付加額は1キロワット時当たり0.01円(北海道電力)~0.07円(九州電力)
地域格差は生じさせず、全国一律にする方針を経産省が決めました。

太陽光発電が普及すれば、電力会社の買い取り費用は増えます。
そのため、電気料金に買い取り費用が上乗せされるのは、今後も続き年々高くなる見通しです。

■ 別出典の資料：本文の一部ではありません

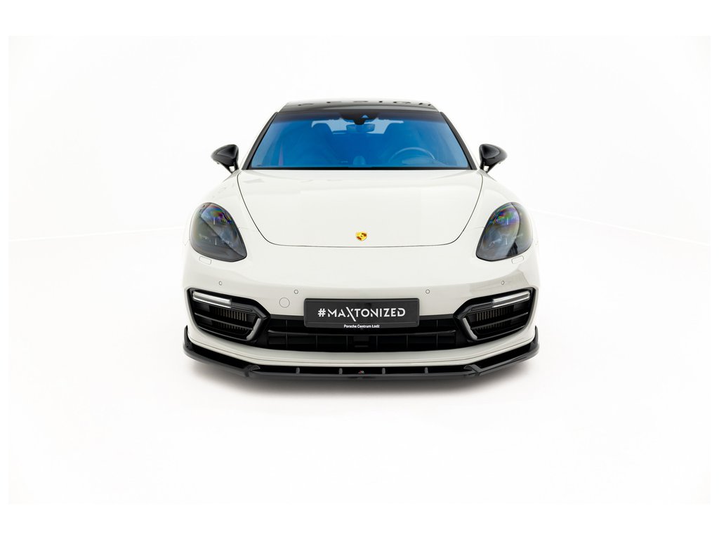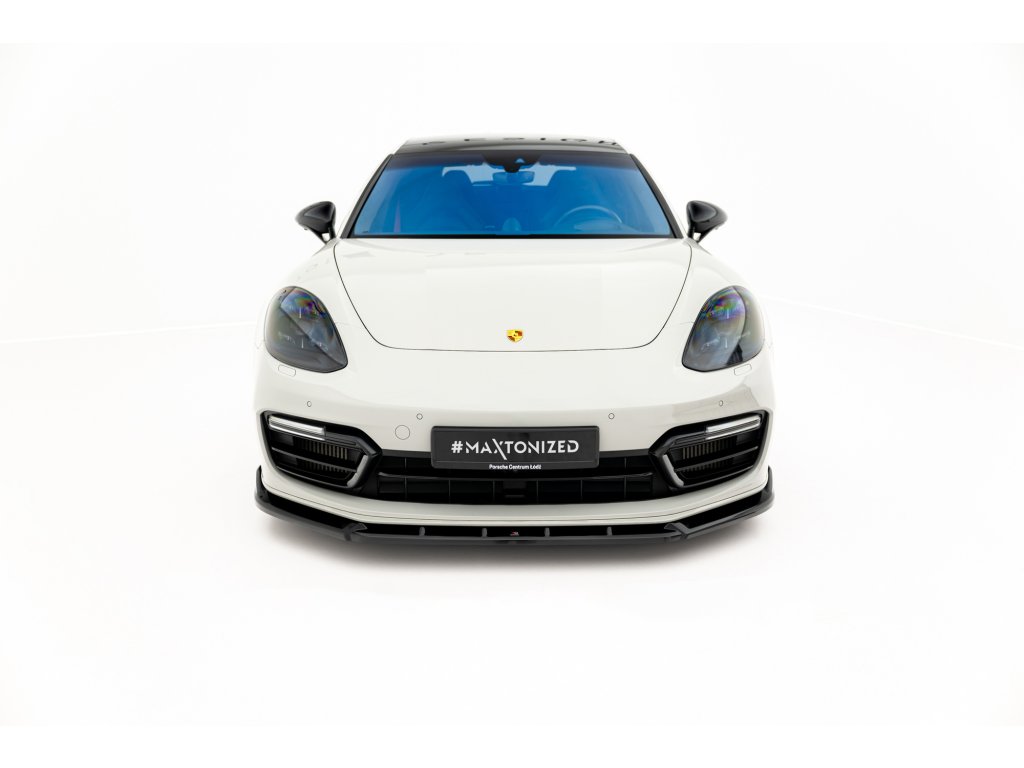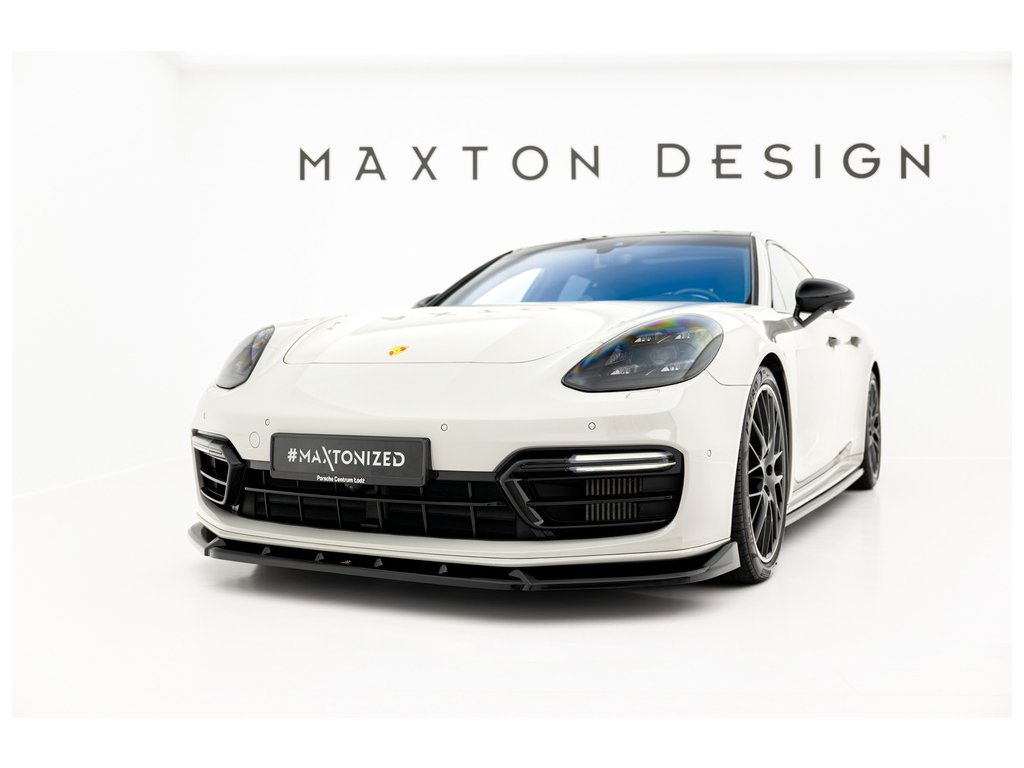 Maxton Design spoiler pod přední nárazník ver.2 pro vozidlo Porsche Panamera 971 Facelift E-Hybrid . Povrchová úprava spoileru černý lesklý plast ABS.

また、再生可能エネルギーによる電力の全量(家庭などの太陽光は余剰だけ)を電力会社が買い取る法案を通常国会に提出する予定。

成立すれば、10年後には負担額が
標準家庭で月額150~200円
中規模工場は12万5000~17万円
大規模工場は120万~163万2千円
電気料金に上乗せされることになります。

温暖化対策で日本の国民が新たな負担が求められることになる初めてのケースになる。
(民主党は温室効果ガス排出量を90年比で25%削減する目標を掲げている。)

再生可能エネルギー(太陽光・風力)と制約

再生可能エネルギーとは、比較的短期間・自発的・定常的に再生される自然現象に由来し、極めて長期間にわたり枯渇しないエネルギー源のこと。
非化石エネルギー源であって、永続的に利用できるメリットがあります。
温暖化対策、エネルギーの安定供給が期待できます。

しかし、課題も多くあります。
化石エネルギーに比べて、太陽光発電や風力発電はエネルギー密度が低く、同じ量のエネルギーを取り出そうとするなら、より多くの太陽光パネル・風車などの設置が必要になります。

太陽光パネルの設置には、戸建て住宅の屋根が多く、屋根の向きや広さ、強度などの制約があリます。
風車の設置は、風力、騒音問題、景観問題、バードストライクを考慮すると立地が制約されます。
そのうえ、太陽光も風車も費用面で、現在は割高。
さらに、発電した電力を電力会社が購入することも、様々な問題や制約があります。
また、電力会社が電力を買い取ることで、国民の負担が増えることになります。